За огромной сардобой – то ли подземной цистерной, то ли колодцем – по обеим сторонам дороги потянулись бетонированные арыки. Вдоль арыков густо росли пустынные акации, а в их зыбкой тени расплывались плоские белые домики.
И только ажурное плетение сетчатых параболоидов антенн, сверкавших выше развесистых чинар и пирамидальных тополей, напоминало о времени и месте.
Покидать кондиционированную прохладу автобуса не хотелось, но меня встречали – трое молчаливых и спокойных мужчин, одетых неброско, но былая военная выправка в них чувствовалась.
– Здравствуйте, Михаил Петрович, – вежливо поклонился средний встречающий. Левый с правым лишь кивнули. – Старт через четыре часа ровно, должны успеть.
Я молча пожал руки всем троим и, повинуясь жесту Среднего, уселся в «Татру» неприметного светло-оливкового цвета. И опять потянулось серое шоссе, красные песчаные дорожки, журчащие арыки…
Короткая остановка у шлагбаума. Кивок офицера в панаме – и машина заскользила в перспективу, рассекая пустыню по прямой.
А я перебирал давешние мысли, как бусины четок.
Признаться, до меня не сразу дошли Маринины речи – ее слова о вызове на лунную базу словно блокировались в голове. Разумеется, я верил «Росите», но совершенно не соотносил космос со своей особой.
Да, мне, как и всякому советскому мальчишу, мечталось о ракетах, подхваченных черным ветром пространства, о том, чтобы подняться выше неба, стать чуть ближе к звездам, но это значило отдать всего себя космонавтике, без остатка и на всю оставшуюся.
Я так не мог. И не хотел. А каково пришлось тем из отряда космонавтов, кто годами выкручивал себя на тренировках, но так и не услышал заветного слова: «Старт!»?
Забавно то, что я не слишком задумывался о причинах вызова. Знаю, что Федор Дмитриевич мне благоволит, да и с Борис Борисычем мы в хороших отношениях, но не настолько, чтобы ради моих хотений организовывать полет на Луну! Стало быть, повод у них по-настоящему серьезный. Прилечу – разберусь.
Да, именно так – отмахнулся мысленно, и заново копаюсь в себе. Навидался я всякого, даже в соседнем пространстве дважды побывал, но за атмосферу не заглядывал… О, только сейчас меня осенило, с чего это я старательно обхожу тему полета – боюсь!
Боюсь, что его отложат, отменят – и как тогда пережить разочарование? Сказка вот-вот переформатируется в быль…

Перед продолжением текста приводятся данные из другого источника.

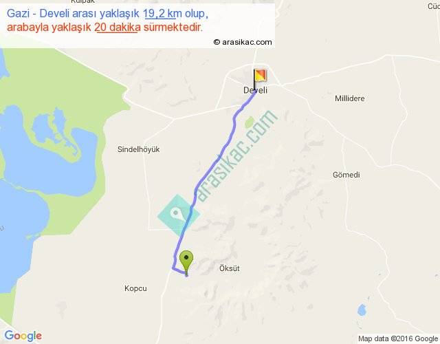 Gazi - Develi arası yaklaşık olarak 90 km/h ile yukarıda belirtilen sürede olup, iki yerin kuş uçuşu uzaklığı (mesafesi) 17'dir. Yolculuk otobüsle 26 dakika sürmektedir.

– Михаил Петрович, – заговорил Левый, небрежно руливший «Татрой», – вы уж простите, что всё так скрытно, да окольными тропами. Не хотим светить ни вас, ни вашу командировку. Кому надо, тот знает, а прочим знать не обязательно.
– Так даже лучше, – солгал я. – Шума не люблю.
Левый кивнул, а Средний подал голос с заднего сиденья:
– Командиром корабля, которому скоро на орбиту, назначен Павел Почтарь. Он хорошо знает вас, а мы хорошо знаем его. Однажды Почтарь даже участвовал в секретной операции. До Луны и обратно отправится он же – в данном случае необходимая секретность сочтется с надежностью…
– Я понятия не имею, что там отыскали на Луне наши старики-разбойники. – Мой голос звучал в меру ворчливо. – Но может возникнуть еще одна необходимость – доставки артефактов на Землю…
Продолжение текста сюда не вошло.